++++ Supplied data ++++

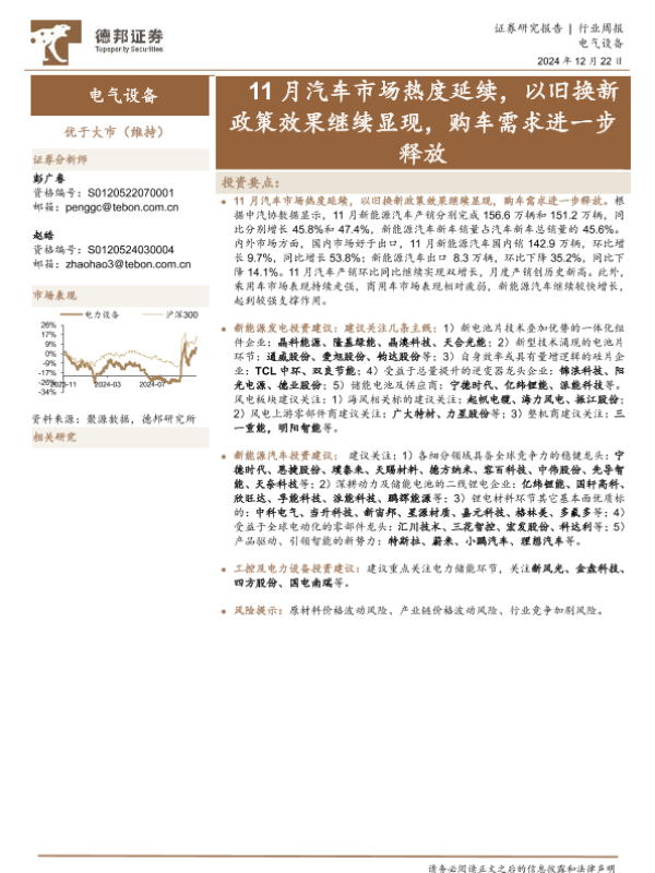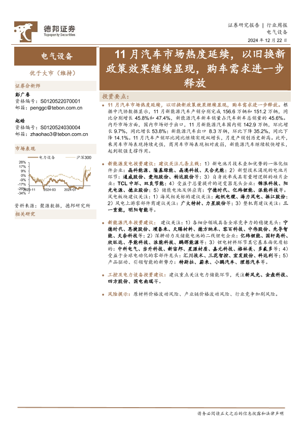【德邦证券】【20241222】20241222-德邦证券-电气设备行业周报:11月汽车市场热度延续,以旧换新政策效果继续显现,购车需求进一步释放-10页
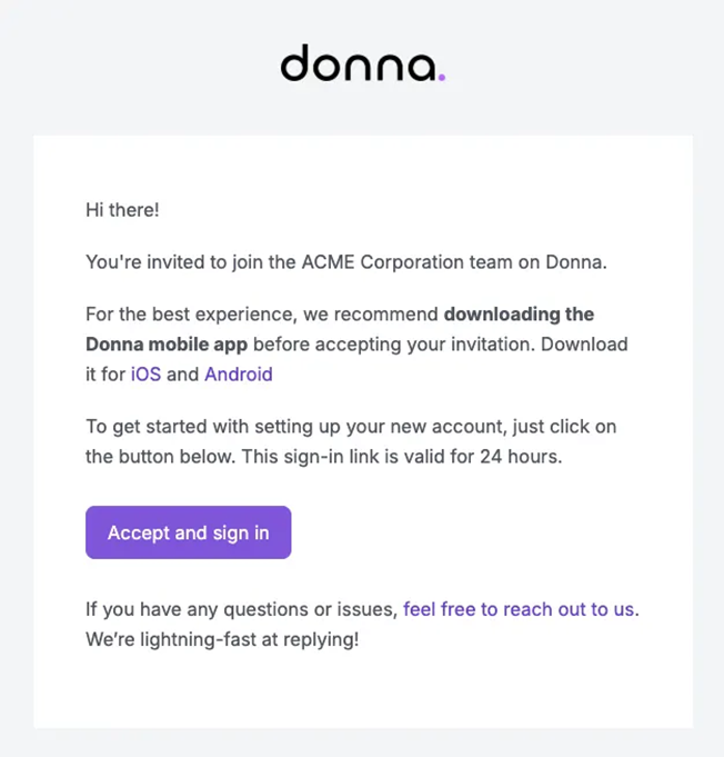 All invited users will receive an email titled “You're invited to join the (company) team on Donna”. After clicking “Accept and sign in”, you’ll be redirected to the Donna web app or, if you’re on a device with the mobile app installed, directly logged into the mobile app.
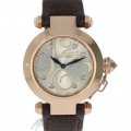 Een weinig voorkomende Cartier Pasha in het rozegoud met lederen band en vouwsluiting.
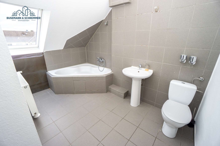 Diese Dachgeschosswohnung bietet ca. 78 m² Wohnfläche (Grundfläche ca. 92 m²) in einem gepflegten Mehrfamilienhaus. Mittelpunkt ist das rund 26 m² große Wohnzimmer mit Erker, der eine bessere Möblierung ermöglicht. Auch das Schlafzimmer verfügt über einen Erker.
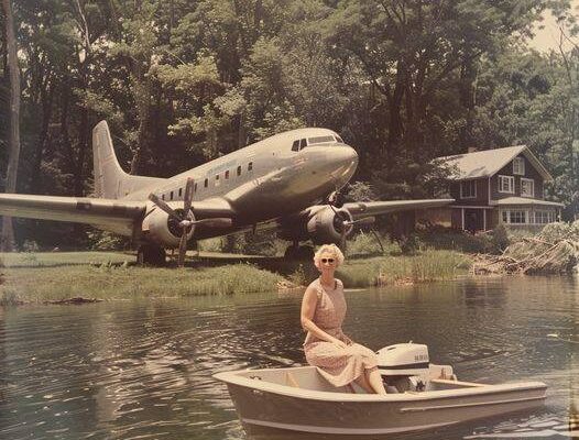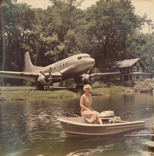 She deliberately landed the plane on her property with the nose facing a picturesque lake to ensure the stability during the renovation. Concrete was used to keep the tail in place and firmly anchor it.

++++
++++ Supplied data ++++

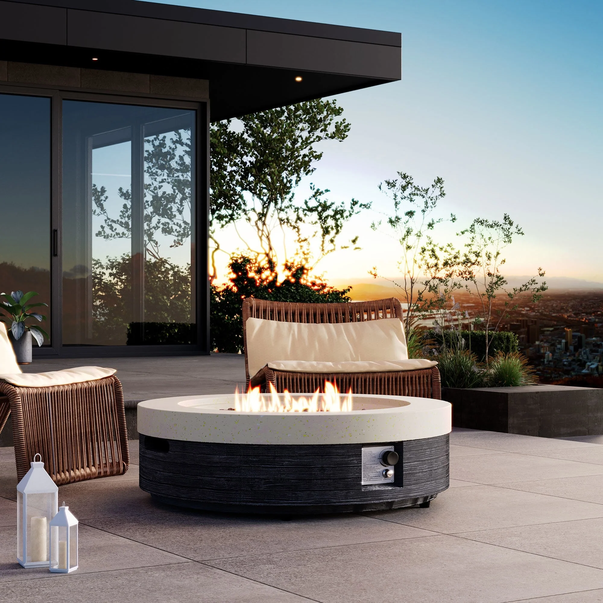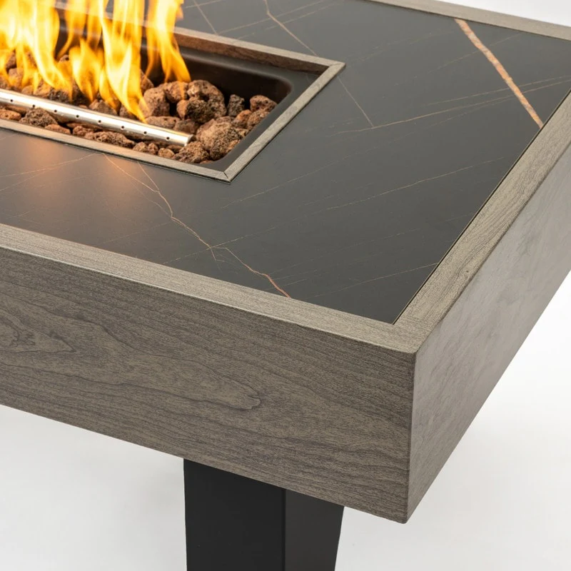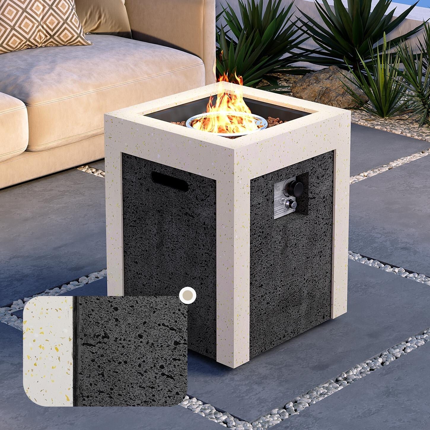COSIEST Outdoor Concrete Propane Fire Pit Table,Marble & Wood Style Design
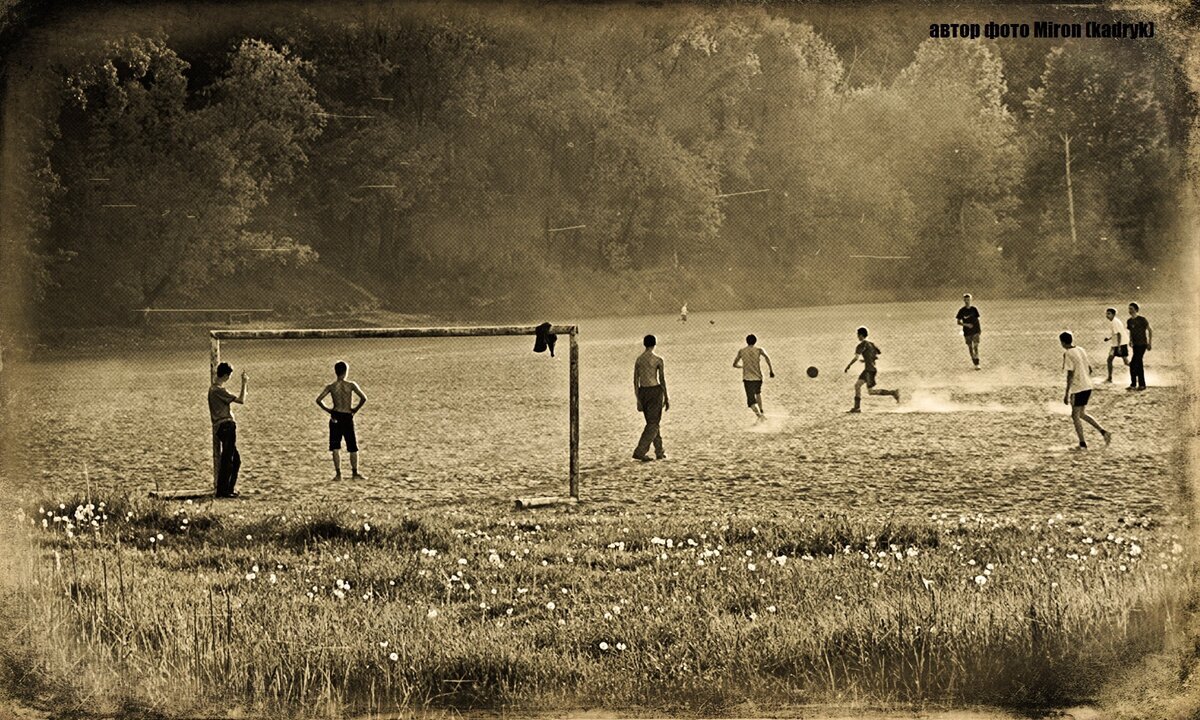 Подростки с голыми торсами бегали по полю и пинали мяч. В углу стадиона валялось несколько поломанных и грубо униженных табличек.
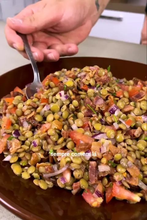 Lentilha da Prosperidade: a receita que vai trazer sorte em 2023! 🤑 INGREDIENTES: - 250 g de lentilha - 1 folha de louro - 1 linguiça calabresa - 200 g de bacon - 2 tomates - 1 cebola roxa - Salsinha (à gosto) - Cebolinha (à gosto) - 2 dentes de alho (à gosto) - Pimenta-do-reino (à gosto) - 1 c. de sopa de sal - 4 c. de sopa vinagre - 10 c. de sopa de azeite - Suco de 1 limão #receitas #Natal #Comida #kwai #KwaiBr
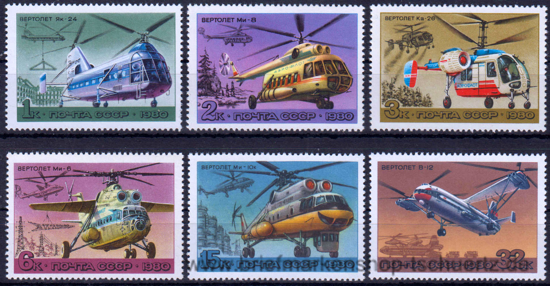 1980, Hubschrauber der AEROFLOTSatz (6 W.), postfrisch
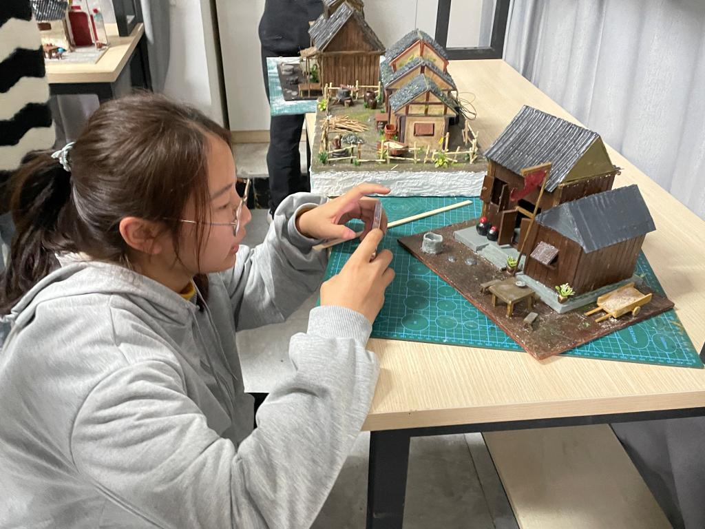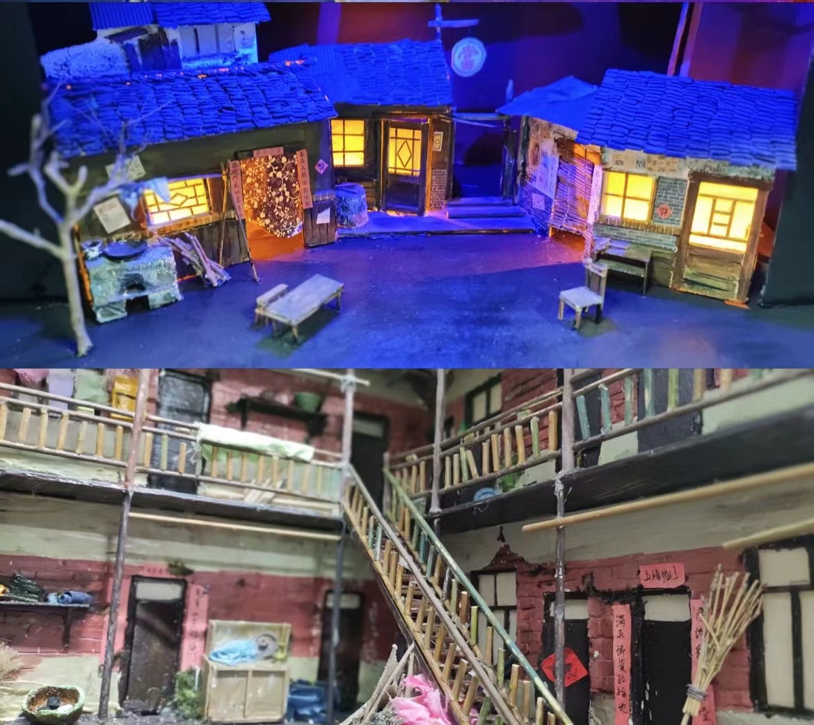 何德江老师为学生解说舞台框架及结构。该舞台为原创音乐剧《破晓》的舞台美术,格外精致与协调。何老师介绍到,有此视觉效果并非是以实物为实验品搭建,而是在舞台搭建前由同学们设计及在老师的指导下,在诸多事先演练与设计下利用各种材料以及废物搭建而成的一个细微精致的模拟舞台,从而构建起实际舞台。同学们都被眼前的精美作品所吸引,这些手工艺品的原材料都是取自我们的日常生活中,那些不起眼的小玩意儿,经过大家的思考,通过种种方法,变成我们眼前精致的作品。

++++

Write out word for word the lines above that run from the one with "1980, Hubschrauber der" to the one with "何德江老师为学生解说舞台框架". Include both end lines; exclude the images.

» **Task result**:
 1980, Hubschrauber der AEROFLOTSatz (6 W.), postfrisch
 何德江老师为学生解说舞台框架及结构。该舞台为原创音乐剧《破晓》的舞台美术,格外精致与协调。何老师介绍到,有此视觉效果并非是以实物为实验品搭建,而是在舞台搭建前由同学们设计及在老师的指导下,在诸多事先演练与设计下利用各种材料以及废物搭建而成的一个细微精致的模拟舞台,从而构建起实际舞台。同学们都被眼前的精美作品所吸引,这些手工艺品的原材料都是取自我们的日常生活中,那些不起眼的小玩意儿,经过大家的思考,通过种种方法,变成我们眼前精致的作品。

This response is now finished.